And fees and taxes and cartels and cross-subsidies.

Trust me, Google’s intent to give away for free its Voice app signals the end of the second age of telecom. The third age, with consumers firmly and totally in control, is about to begin. If it is allowed to come into existence.

You see, Google Voice does not care about service plans, price tiers, special offers, tolling agreements, franchise rights, borders, numbers, underserved communities, caps, or lobbyists. All the traditional set-pieces of telecom of the past 20 years go out the window. You get a Google number, functions that incumbent providers used as huge cash-cows, and total freedom to use it as you see fit. For free. One disruptive deployment occurred to me as sat at a stoplight on Hwy 74 and gazed up at a Windstream billboard.

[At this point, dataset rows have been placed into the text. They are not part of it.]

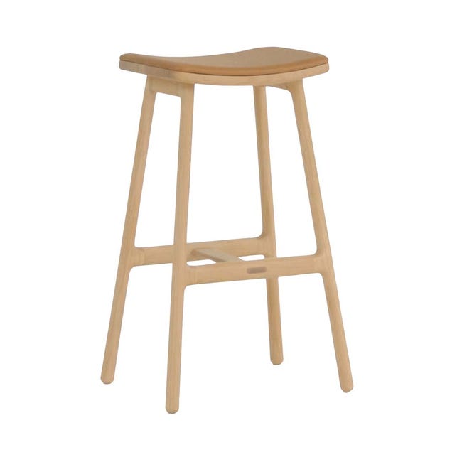 Tolv Odd Upholstered Barstool - Camel Leather - Light Oak
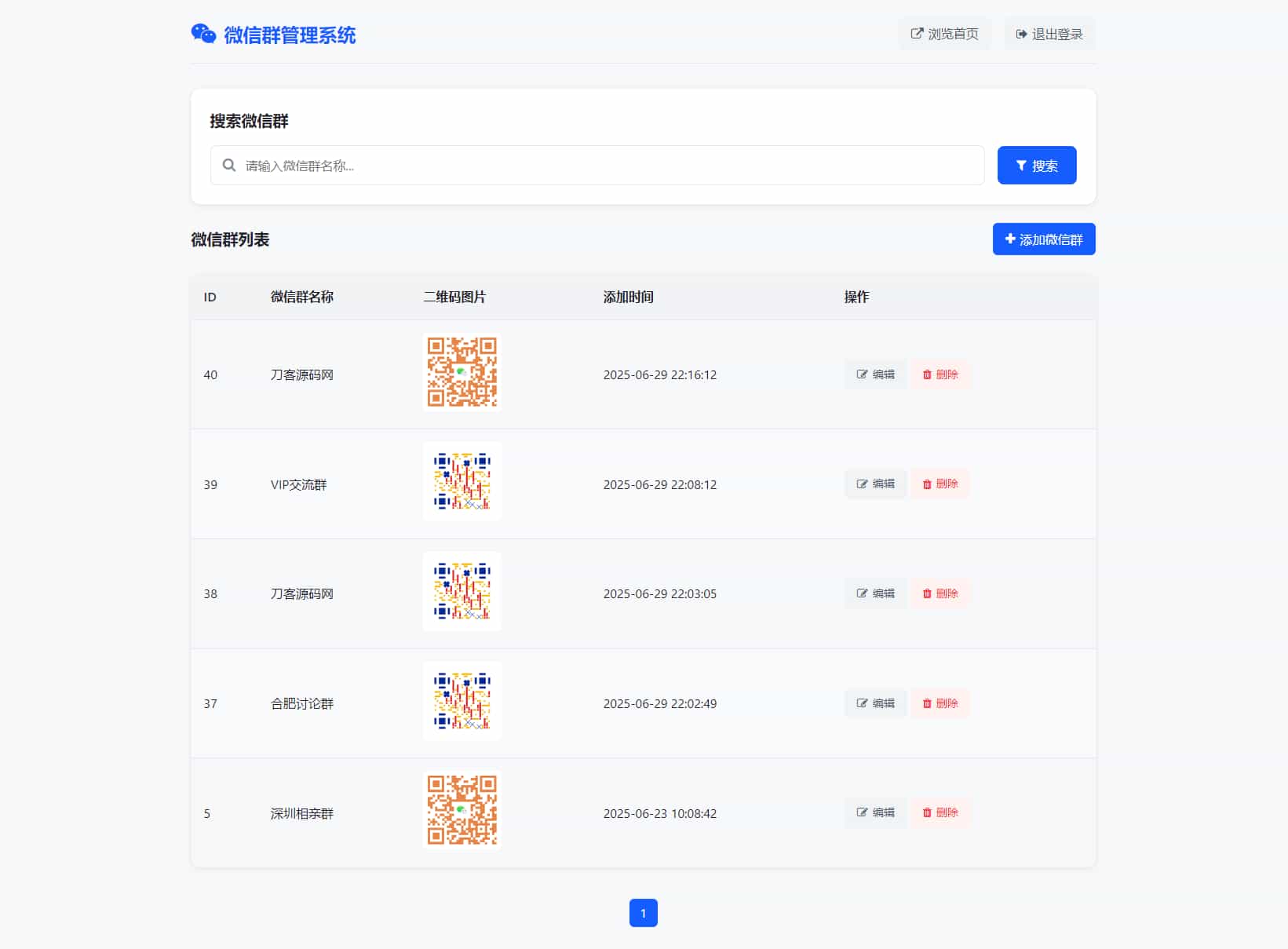 - 管理员后台可以操作编辑所有用户上传的微信群和二维码。
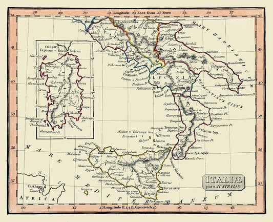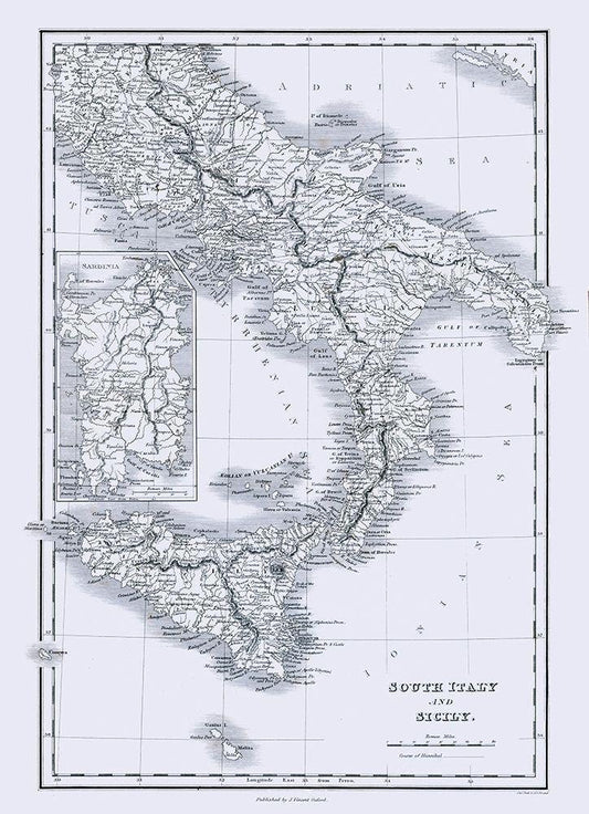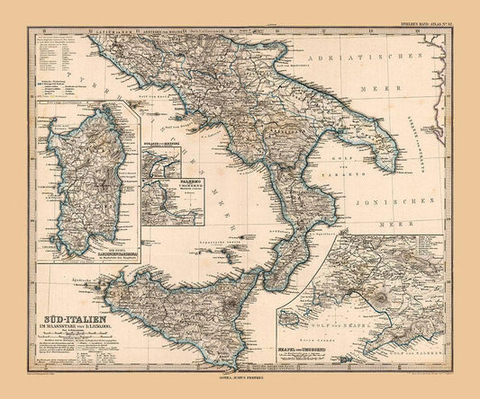 Southern Italy - Stieler 1885 White Modern Wood Framed Art Print with Double Matting by Stieler
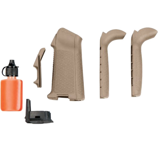 The MIAD TYPE 1 grip kit lets the user customize their grip size and profile for optimized comfort, control, and trigger finger placement. It includes three backstraps, including beavertail and no-beavertail options, and two frontstraps to allow the shooter to achieve a truly custom fit for this vital interface with their firearm. It also includes MIAD/MOE Lube Bottle Core and accepts other Magpul Storage Cores. The MIAD TYPE 1 is optimized for AR15-pattern firearms but can also be used on many AR10-pattern firearms.
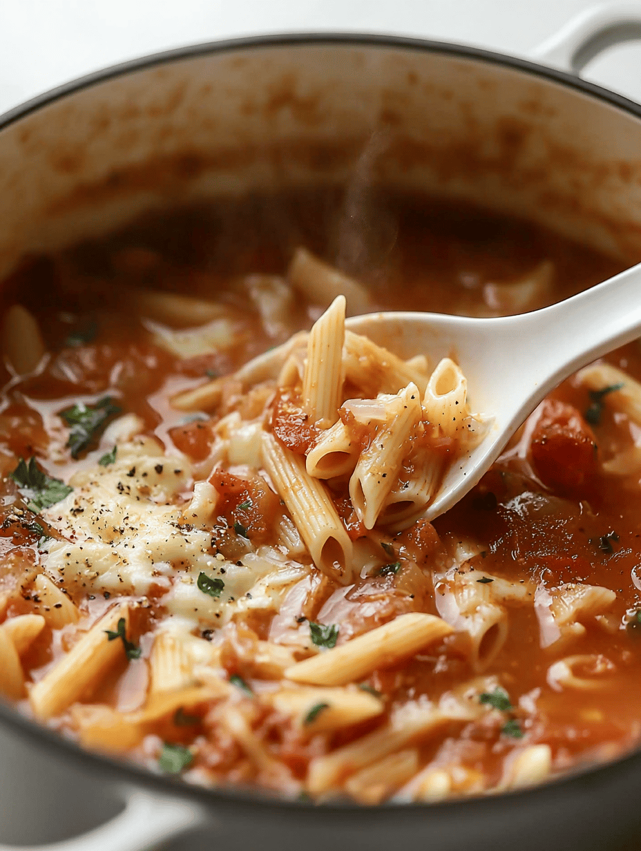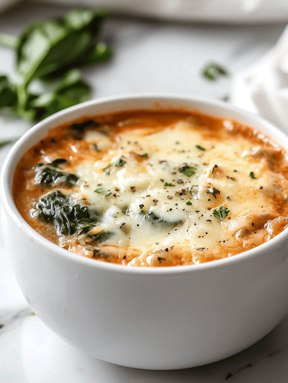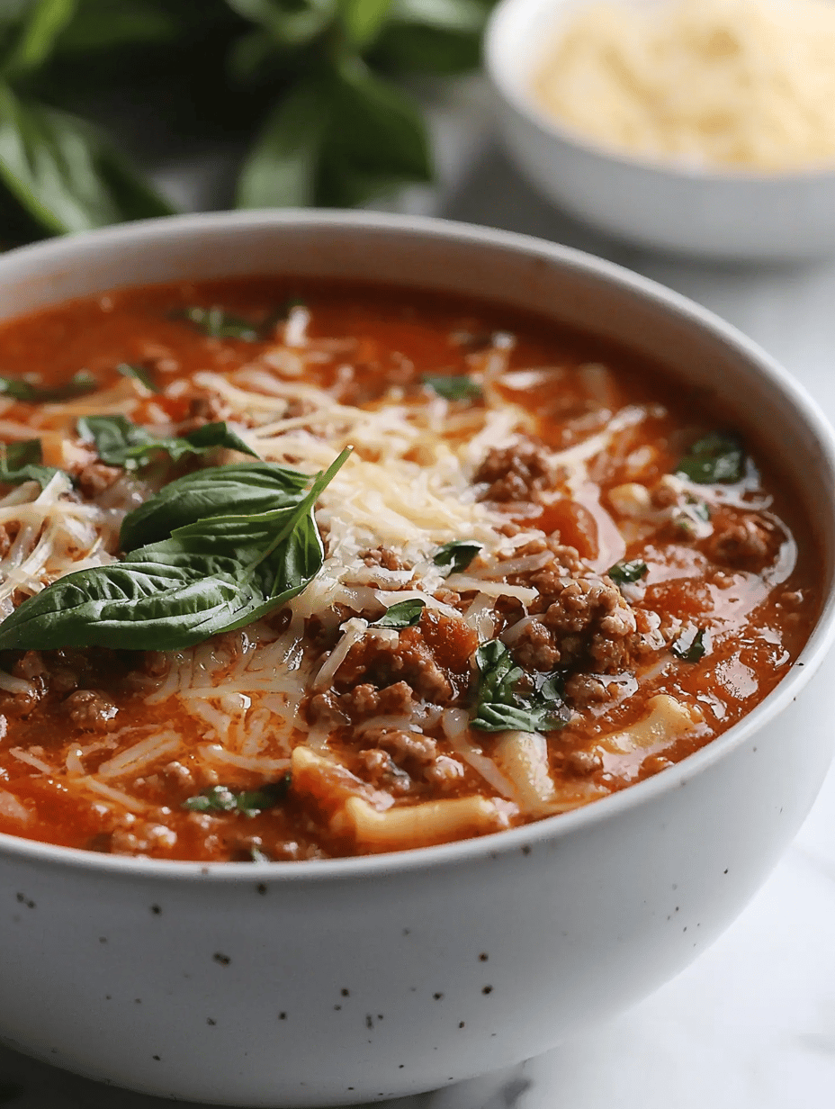 Serve the hot, cheesy lasagna-inspired soup in bowls, garnished with a sprinkle of additional Parmesan or fresh herbs if desired, for a cozy, comforting meal.
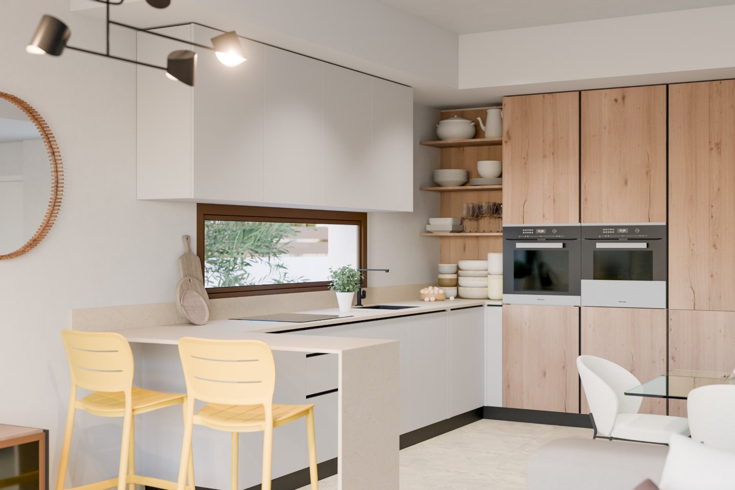 Die Wohnungen verfügen über eine Klimaanlage, Fußbodenheizung in den Bädern, Elektrogeräte in der Küche, Einbauschränke in allen Schlafzimmern, elektrische Rollläden, ein Domotik-System, eine Alarmanlage, einen privaten Swimmingpool (6x3 Meter) und einen privaten Parkplatz auf dem Grundstück.
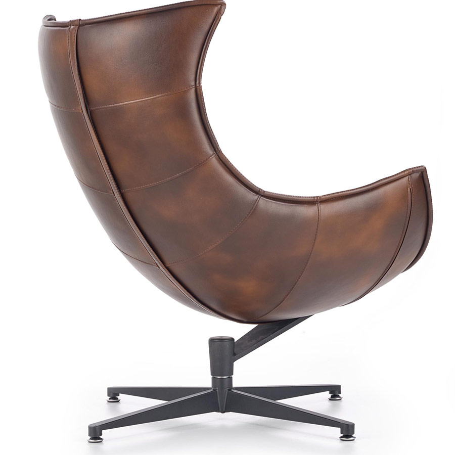 Тъмнокафяво кожено кресло с яйцевидна форма
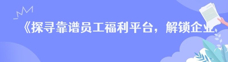 《探寻靠谱员工福利平台,解锁企业福利团购新体验》
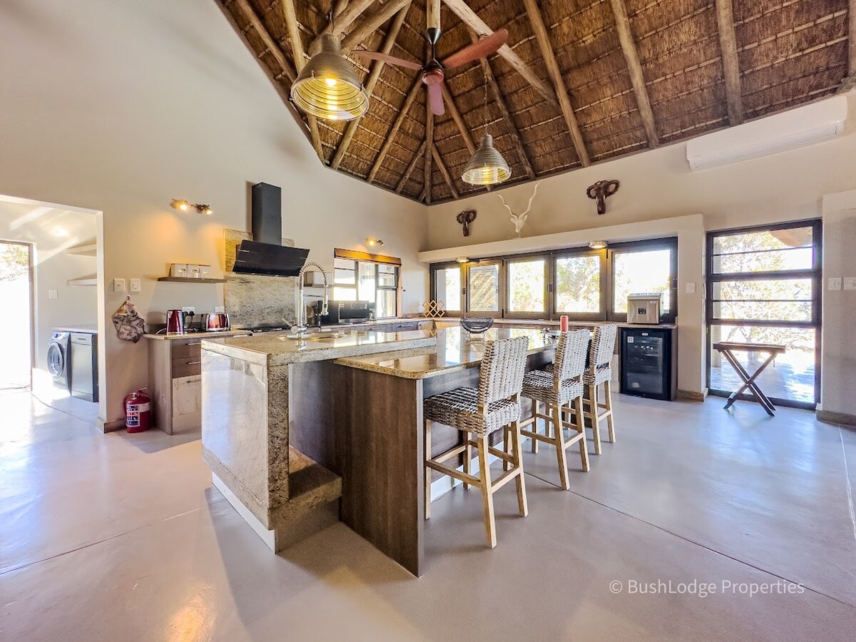 Within Mabalingwe Big-5 Nature Reserve, discover the perfect luxurious lodge in the heart of Mabalingwe Nature Reserve. This exquisite blend of comfort and nature lets you enjoy wildlife roaming around, creating an unforgettable experience. Featuring three spacious ensuite bedrooms with outdoor showers. Perfect for family or friend gatherings, with a private cottage and an ensuite bathroom is also available. Relax by the outdoor boma or the refreshing pool. Your ideal escape awaits you.
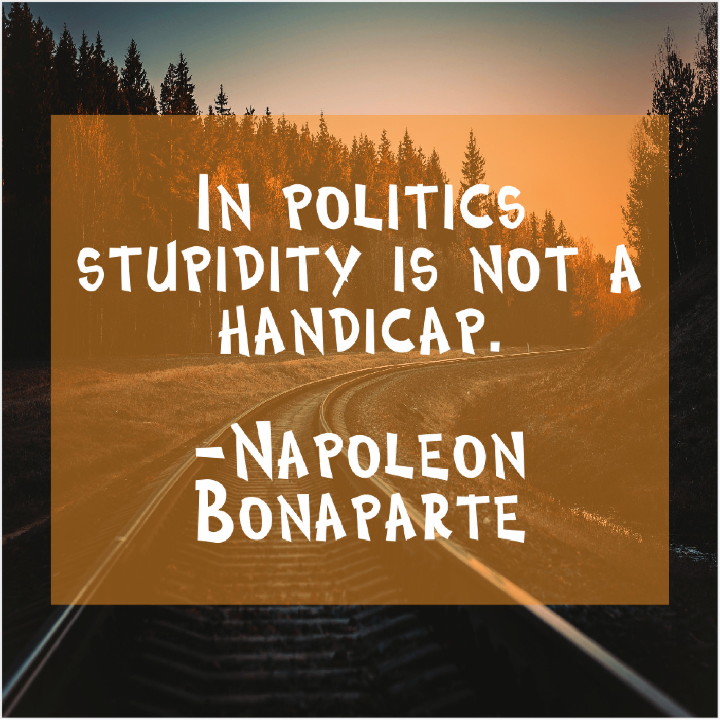 Napoleon Bonaparte Napoleon Bonaparte – In politics stupidity is not… February 8, 2019 admin “In politics stupidity is not a handicap.”-Napoleon Bonaparte
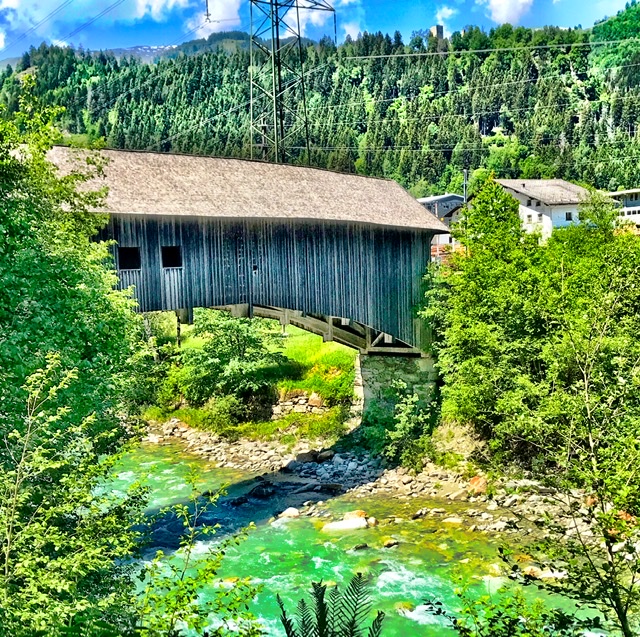 After a thrilling descent through many hairpin bends, the road crosses Versamer Gorge. Here I parked the bike and walked on an 1897 steel bridge overlooking the rumbling stream 70m below. But the photos do not capture the dramatic plunge so I skipped them.
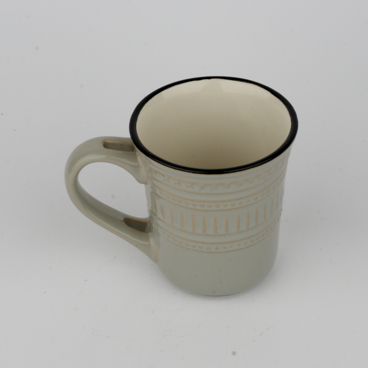 Hrnek se lžičkou šedý na ranní kávu nebo čaj.
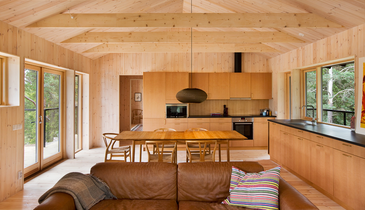 • Низкая теплопроводность Помещение, имеющее такую обделку, будет прекрасно сохранять тепло зимой и не выпускать прохладу летом. Поэтому многие выбирают деревянные панели в качестве основного материала для дачных домиков или загородных фазенд.
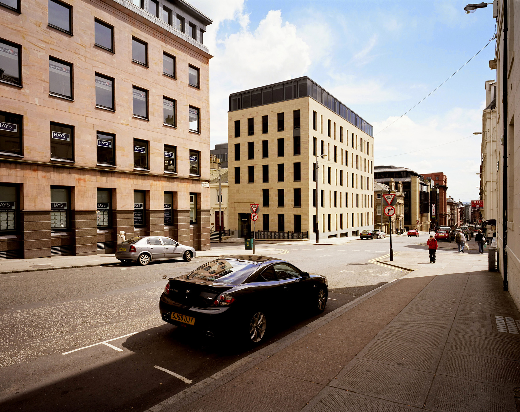The ground floor foyer space is accessed directly without the traditional short flight of steps from West Regent Street. Car parking to the basement is achieved through the use of mechanical stackers, accessed from West Regent Lane.
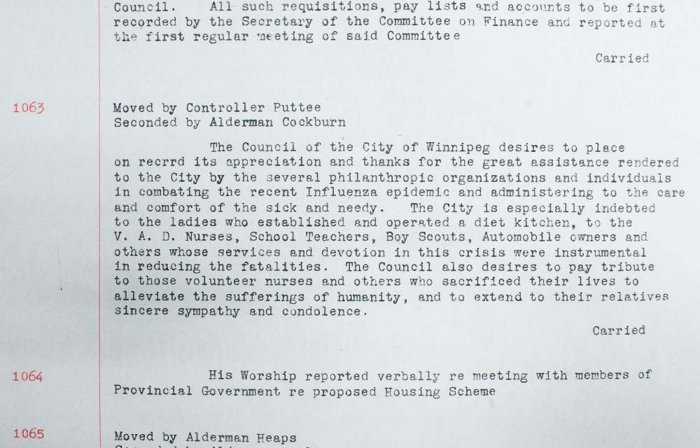 There was almost an immediate shortage of nurses. Winnipeg women volunteered to fill the breach by working with flu victims both in hospitals and by making house calls. One volunteer group, the Margaret Scott Nursing Mission, visited 2,000 homes alone.
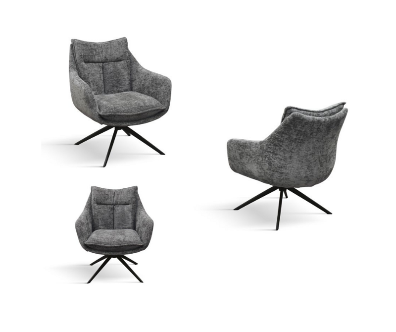 Poltrona struttura in metallo imbottita in tessuto grigio. Armchair structure in metal upholstered in gray fabric.
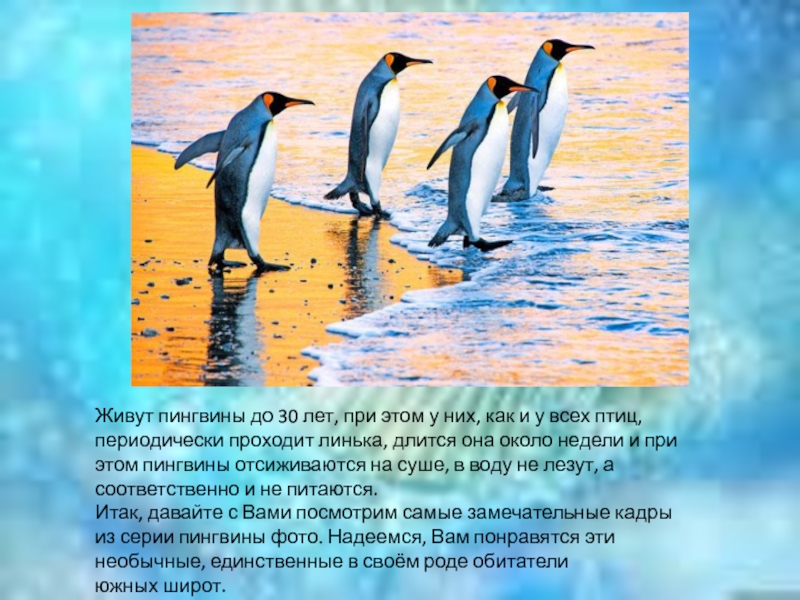 Слайд 5Живут пингвины до 30 лет, при этом у них, как и
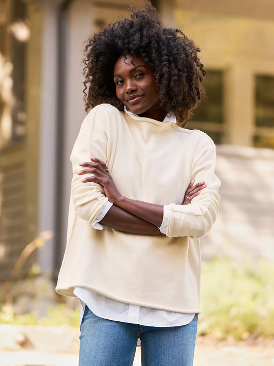 Frank & Eileen Monterey Rolled Funnel Neck Sweater in Cream

A two-year special rate of $50 a month for broadband and voice was on the bill. Before Google Voice, a big, big obstacle to jumping to these come-on prices was the trouble of switching phone numbers. But once you get your Google number, you can surf from special deal to special deal without the number changes. Providers will freak out once this happens en masse.

Governments — like North Carolina’s — which for the past decade have looked to telecom services as a fat cow to be milked will be confronted with a fascinating price-point for services — zero. At a minimum, assumptions about taxes on the value of telecom services always producing more revenue each year will have to be examined.